Pol Roger Brut Champagne: A New Treat for a New Year
Every New Year’s Eve I treat myself to a new Champagne (as good an excuse as any to spend far too much on a bottle of booze), and give it a review. This year, based on numerous recommendations, I opted for Pol Roger Reserve Brut Champagne, a well-regarded, but highly affordable bubbly from the famous region. In fact, I picked Jay McInerney’s (wine taster extraordinaire and author) brain over Twitter, and he asserted that Pol Roger produced the most consistent champagne year-to-year.
Last year, I enjoyed the the Laurent-Perrier 2004 vintage which I found exceptional, and imagined difficult to beat. The Pol Roger (a favourite champagne of Winston Churchill) did not disappoint, bringing a level of refinement I’d normally expect from a vintage bubbly, in a price range actual mortals can afford.
Pol Roger Champagne Tasting Notes
It pours a lovely pale yellow with vibrant carbonation — put simply, Pol Roger looks good in a glass.
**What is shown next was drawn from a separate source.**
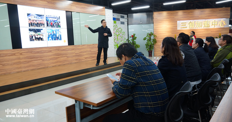 陳昱夫介紹“三創(chuàng)加速中心”扶持臺灣青年創(chuàng)業(yè)的情況。(圖片來源:廣西南寧市臺辦)
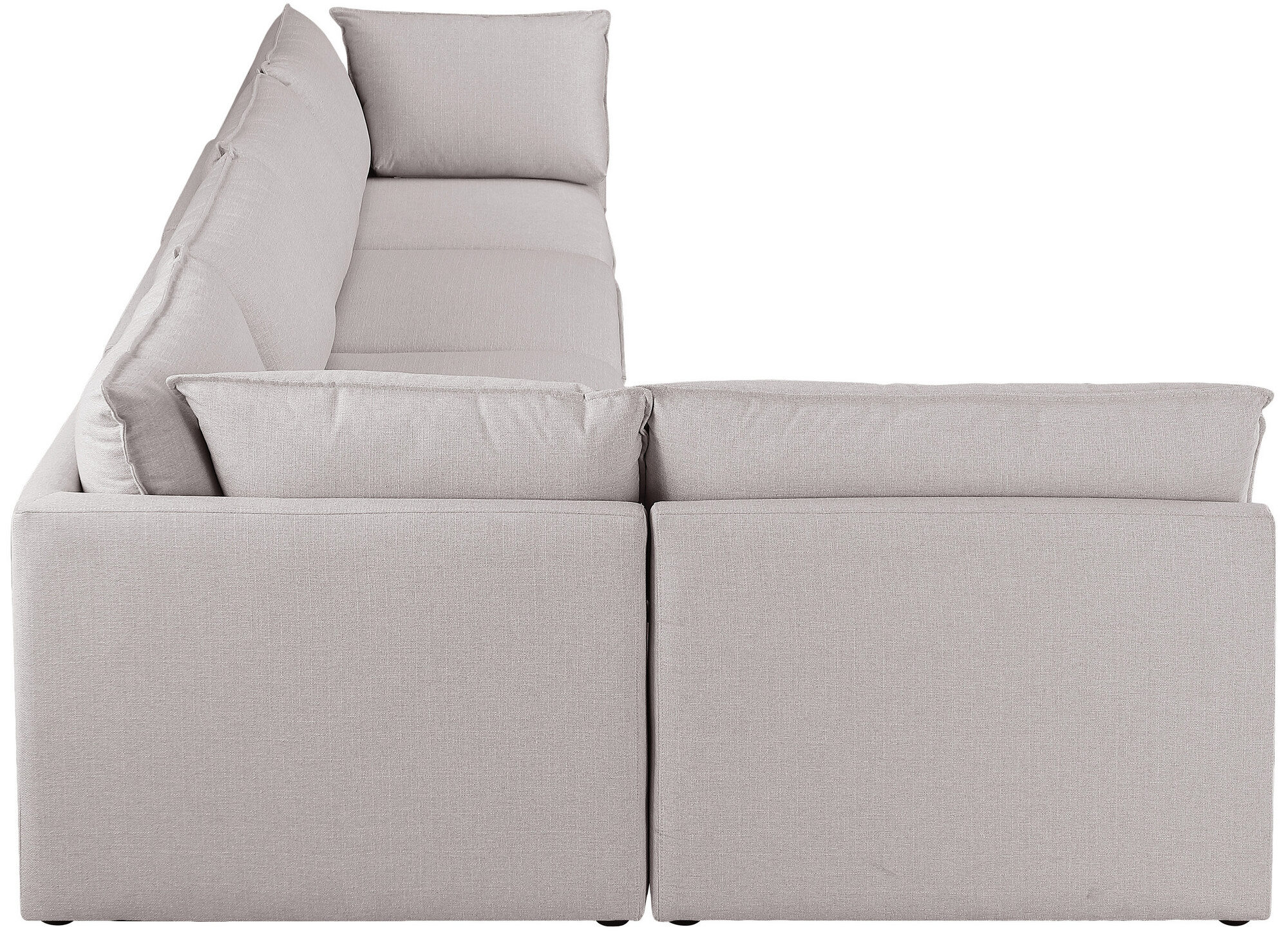 Elevate your living space with the versatile charm of the Mackenzie series, where comfort meets customization. Designed with a contemporary aesthetic in mind, each piece in this exquisite collection invites you to create a unique seating arrangement tailored to your lifestyle and space. From luxurious sectionals to various modular components, this Mackenzie beige 5pcs sectional (3 armless chairs, 2 corners) is engineered to seamlessly integrate into an endless array of configurations.Crafted with meticulous attention to detail, the pieces are enveloped in a plush linen-textured fabric that promises durability and a soft touch. Choose from an array of color options to perfectly complement your home décor. The structural integrity of each piece is fortified with robust engineered wood and cushioned with sumptuous foam for an indulgent seating experience.

But it’s not just a looker — Pol Roger is a mature wine for mature wine drinkers. On the nose is an impressive hit of mineral, like pavement after a light rain (tastes better than it sounds.) There’s also a lovely sweet apple, and a lemon rind note that promises Pol Roger won’t fall flat.
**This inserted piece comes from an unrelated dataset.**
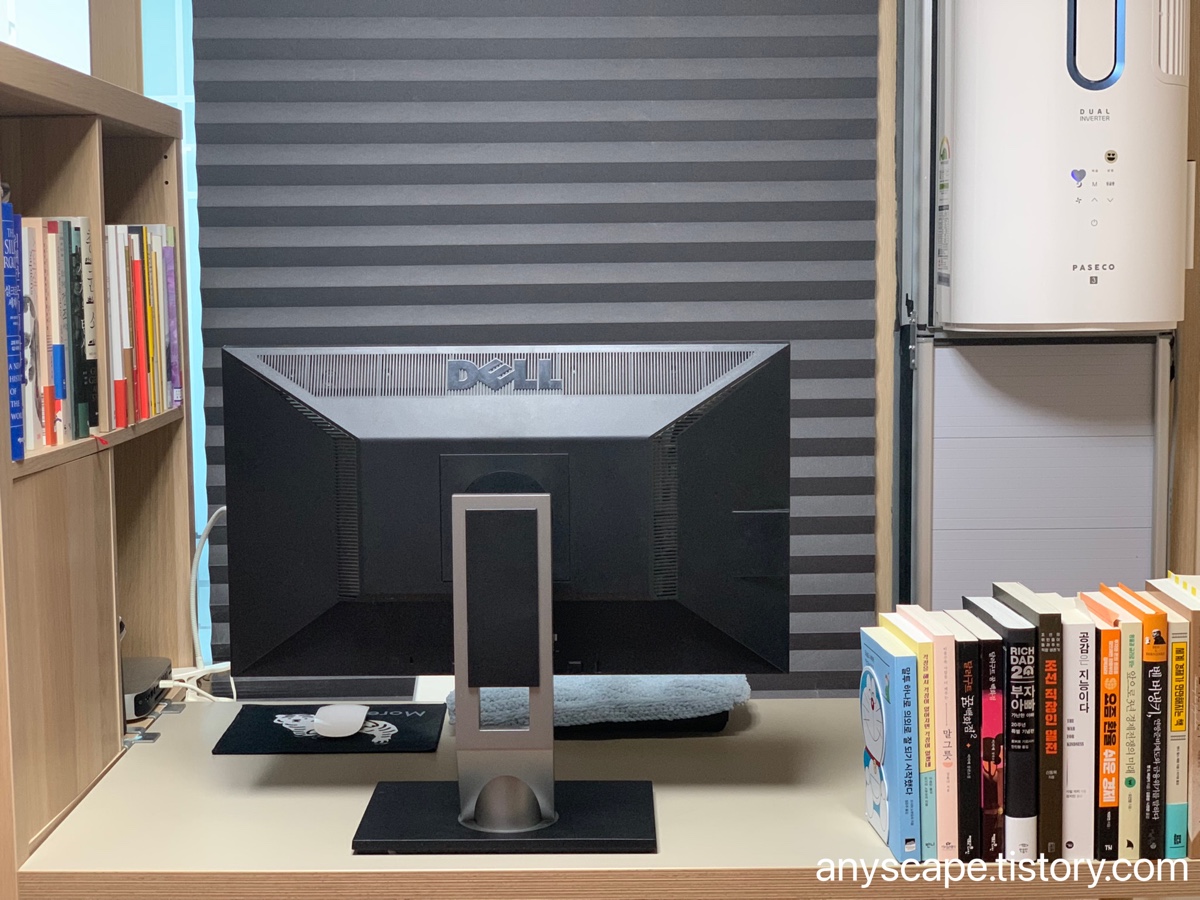 벽을 보던 책상을 벽을 등지게 위치를 변경했는데 이러고 나니 문제가 방에서 모니터가 너무 눈에 거슬린다는 점이었습니다.

Of course, the taste doesn’t disappoint. Pol Roger makes good on it’s promise of minerality with a distinct limestone flavour underneath it’s main profile of sourdough toast, applesauce and a delicious lemon citrus. The mouth feel is fantastic with the lush carbonation softening on the tongue, and a medium body. Pol Rogers finishes strongly bready, with its crisp acidity fading leaving sweet fruit to linger.